= List of Late Roman provinces =

This article presents a list of Roman provinces in the Late Roman Empire, as found in the Notitia Dignitatum.

== Praetorian prefecture of Gauls ==
In Latin, Gallia was also sometimes used as a general term for all Celtic peoples and their territories, such as all Brythons, including Germanic and Iberian provinces that also had a population with a Celtic culture. The plural, Galliarum in Latin, indicates that all of these are meant, not just Caesar's Gaul (several modern countries).

=== Diocese of Gallia ===
Gallia covered about half of the Gallic provinces of the early empire:
- in what is now northern and central France, roughly the part north of the Loire (called after the capital Lugdunum, modern Lyon)
  - Belgica II
  - Lugdunensis I
  - Lugdunensis II
  - Lugdunensis III
  - Lugdunensis IV Senonia
- in Belgium, Luxembourg, part of present-day Netherlands (below the Rhine), on the left bank (west) of the Rhine
  - Germania II
  - Belgica II
- in what are now parts of France and Germany on the western bank of the Rhine
  - Belgica I
  - Belgica II
  - Germania I
  - Germania II
- in what are now parts of France and Switzerland:
  - Alpes Poeninae et Graiae
  - Maxima Sequanorum

=== Diocesis Viennensis ===
The diocese of Vienna was named after the city of Vienna (now Vienne), and almost entirely in present-day France, roughly south of the Loire. It was originally part of Caesar's newly conquered province of Transalpine Gaul, but a separate diocese from the start.
- Viennensis
- Alpes Maritimae
- Aquitanica I
- Aquitanica II
- Novempopulana
- Narbonensis I
- Narbonensis II

In the fifth century, Viennensis was replaced by a diocese of Septem Provinciae ('7 Provinces') with similar boundaries.

=== Diocese of Hispania ===
Hispania was the name of the whole Iberian Peninsula. It covered Hispania and the westernmost province of Roman Africa:
- Baetica
- Hispania Balearica (the Mediterranean islands)
- Carthaginiensis
- Tarraconensis
- Gallaecia
- Lusitania
- Mauretania Tingitana or Hispania Nova, in North Africa

=== Diocese of Britannia ===
- Maxima Caesariensis
- Valentia
- Britannia Prima
- Britannia Secunda
- Flavia Caesariensis

== Praetorian prefecture of Italy and Africa (western) ==
Originally there was a single diocese of Italia, but it was eventually split into a northern section and a southern section.

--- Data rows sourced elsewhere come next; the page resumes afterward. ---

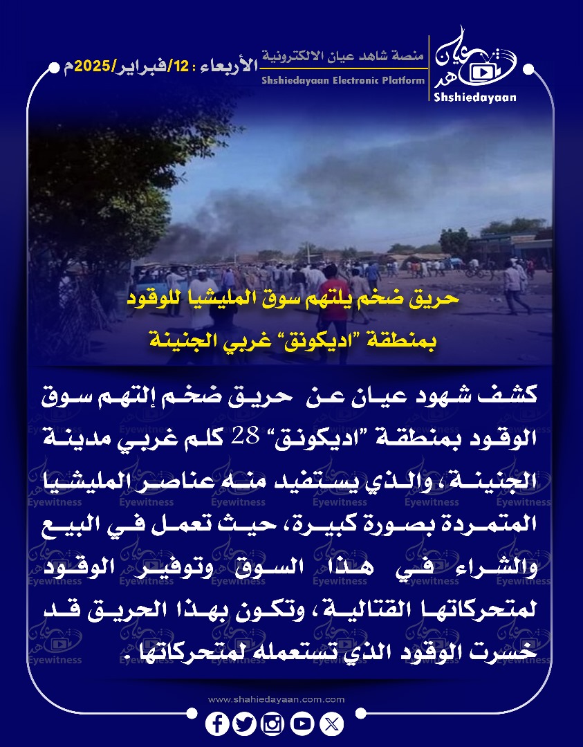 خبر في صورة حريق ضخم يلتهم سوق المليشيا للوقود بمنطقة “اديكونق غربي الجنينة شاهد عيان فبراير 12, 2025 0 أقرأ المزيد ..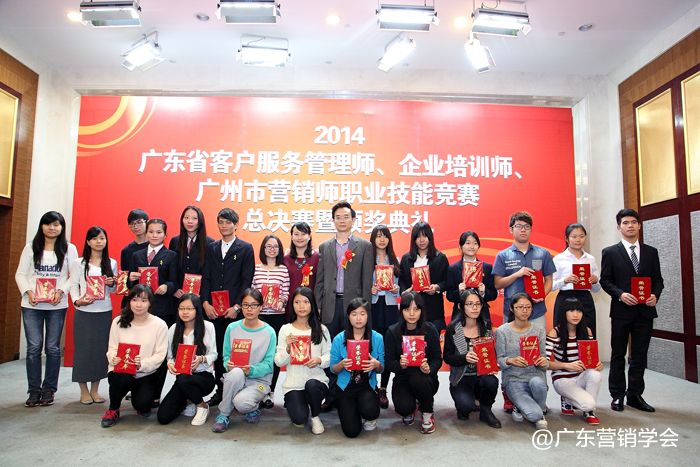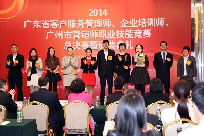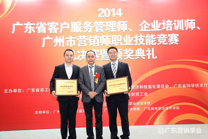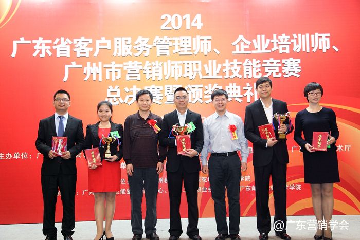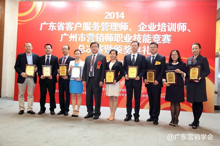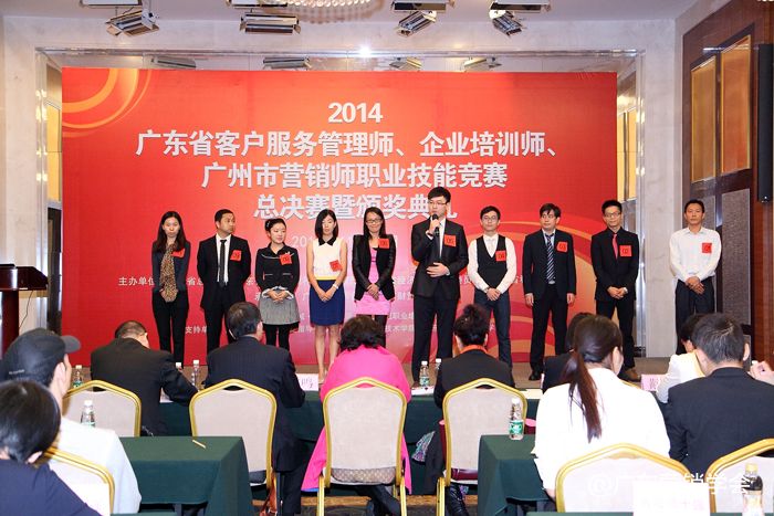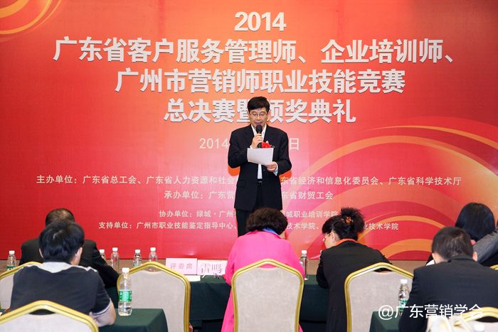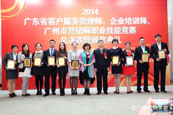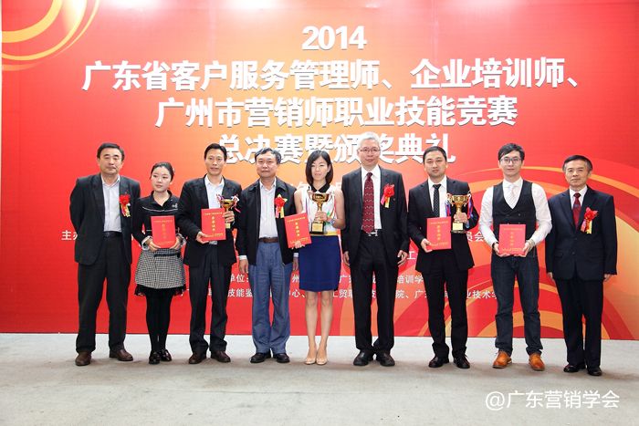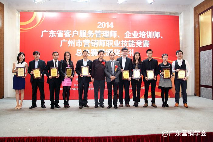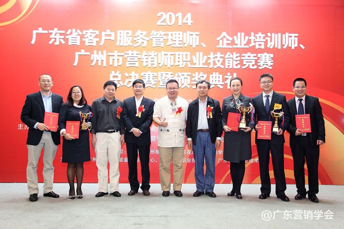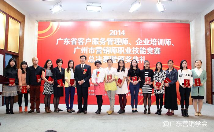 2014年11月23日,由广东省总工会、广东省人力资源和社会保障厅、广东省经济和信息化委员会、广东省科学技术厅联合主办,由广东营销学会、广东省财贸工会承办的2014广东省客户服务管理师、企业培训师、广州市营销师职业技能竞赛总决赛暨颁奖典礼在广州浙江大厦5楼浙江厅顺利举行。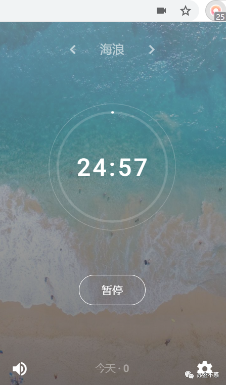 这是个白噪音专注计时器,帮你保持专注,提升工作学习效率,扩展地址https://chrome.google.com/webstore/detail/tide-focus-timer-white-no/lmbegcmkonokdjbhbamhpmkihpachdbk ,工作太累的时候听听海浪的声音。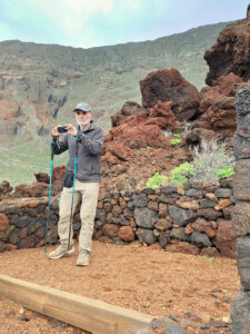 Nach diesem Abstecher gehen wir zurück auf den Holzplankenweg. Er verläuft zunächst direkt am Meeresspalt entlang und führt anschließend an einer Felsbucht mit eindrucksvollen Basaltsäulen vorbei. Wir erreichen den Mirador Punta Izquierdo, danach den Mirador Las Puntas und kurz darauf bei einem Felskopf den Mirador Playa del Río, von dem wir einen schönen Blick nach Punta Grande haben.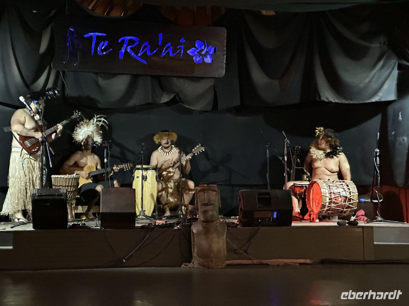 Am Abend sind wir zu einer polynesischen Show eingeladen. Mit einem Bus werden wir vom Hotel abgeholt und fahren zum Restaurant Te Ra’ai. Eine Dame im Vogelmantel empfängt uns. Sie wird später auch durch die Show führen. Wir bekommen ein Begrüßungsgetränk und können uns mit traditionellen Kopfbedeckungen schmücken, unsere Gesichter werden am Eingang bemalt. Der erste Akt besteht in der Öffnung des „umu“. So wird der Erdofen genannt, in dem nach traditioneller Weise Speisen in einem mit heißen Steinen gefüllten Loch im Boden gegart werden. Die Zeremonie beginnt mit einem rituellen Gesang, das die Bedeutung des Essens und die Verbindung zur Natur und zur Kultur der Rapa Nui würdigt. Dann wird der Erdofen vorsichtig geöffnet und ein köstlicher Duft von gegartem Essen verbreitet sich. Die Speisen, die im Erdofen zubereitet werden, umfassen lokale Zutaten wie Fisch, Huhn, Schweinefleisch und Süßkartoffeln. Sie werden in Bananenblätter gewickelt, um das Aroma zu bewahren und die Feuchtigkeit zu halten. Nachdem der Erdofen geöffnet wurde, nehmen wir im Restaurant Platz und bedienen uns am reichhaltigen Buffet. Es folgt eine atemberaubende Tanzshow mit energiegeladenen jungen Männern und Frauen in traditionellen Kostümen. Jeder Tanz erzählt eine Geschichte, sei es über die Natur, die Götter oder das tägliche Leben der Menschen in den Inseln des Südpazifiks. Tief beeindruckt kehren wir in unser Hotel zurück.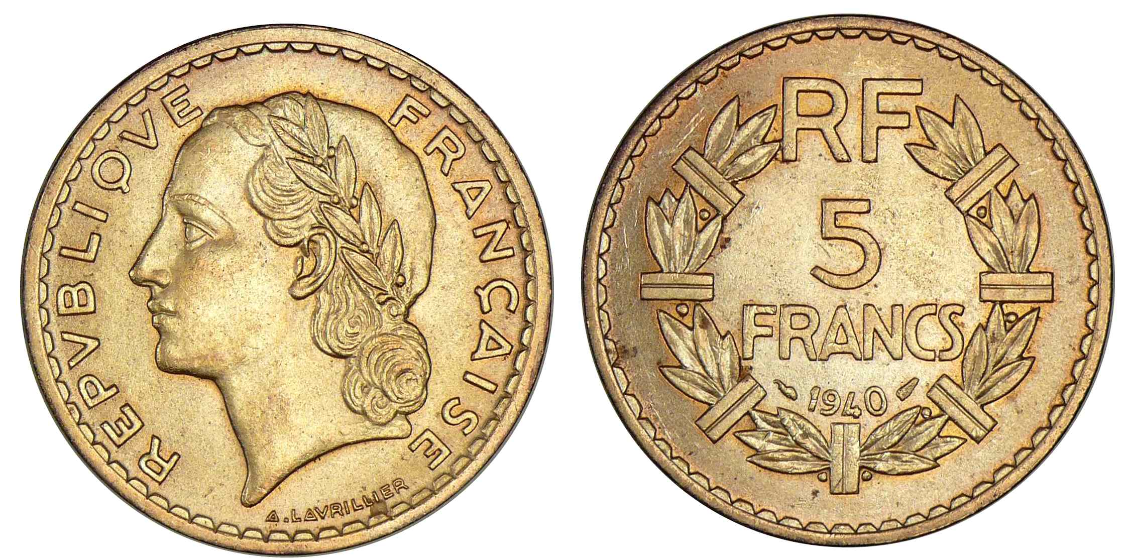 5 francs Lavrillier bronze alu 1940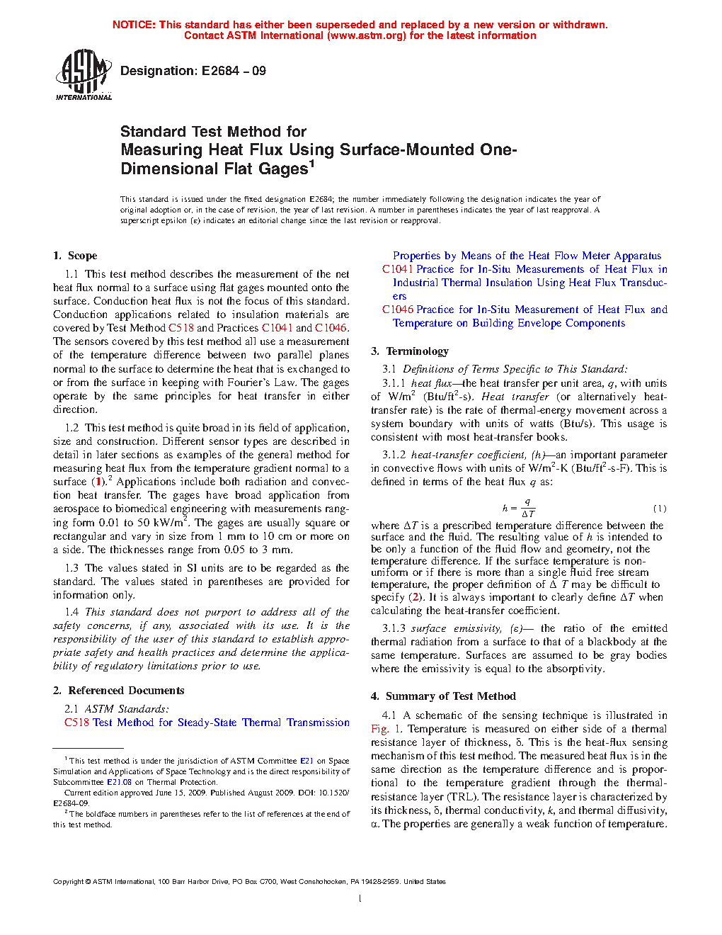 1.1 This test method describes the measurement of the net heat flux normal to a surface using flat gages mounted onto the surface. Conduction heat flux is not the focus of this standard. Conduction applications related to insulation materials are covered by Test Method C 518

The division of Italy into regions had already been established by Aurelian.

=== Diocese of Italia suburbicaria ===
Suburbicaria indicates proximity to Rome, the Urbs (capital city). It included the islands, which were previously considered outside Italy.
- Campania
- Tuscania et Umbria
- Picenum Suburbicarium
- Apulia et Calabria
- Bruttia et Lucania
- Samnium
- Valeria
- Corsica
- Sicilia
- Sardinia

=== Diocese of Italia annonaria ===
Annonaria refers to a reliance on the area for the provisioning of Rome. It encompassed northern Italy and Raetia.
- Venetia et Histria
- Aemilia
- Liguria
- Flaminia et Picenum Annonarium
- Alpes Cottiae
- Raetia Prima
- Raetia Secunda

=== Diocese of Africa ===
Africa included the central part of Roman North Africa:
- Africa or Zeugitana
- Byzacena
- Mauretania Caesariensis
- Mauretania Sitifensis
- Numidia
- Tripolitania

== Praetorian Prefecture of Illyricum ==
The Prefecture of Illyricum was named after the former province of Illyricum. It originally included two dioceses, the Diocese of Pannonia and the Diocese of Moesia. Constantine I later split the Diocese of Moesia into two dioceses: the Diocese of Macedonia and the Diocese of Dacia.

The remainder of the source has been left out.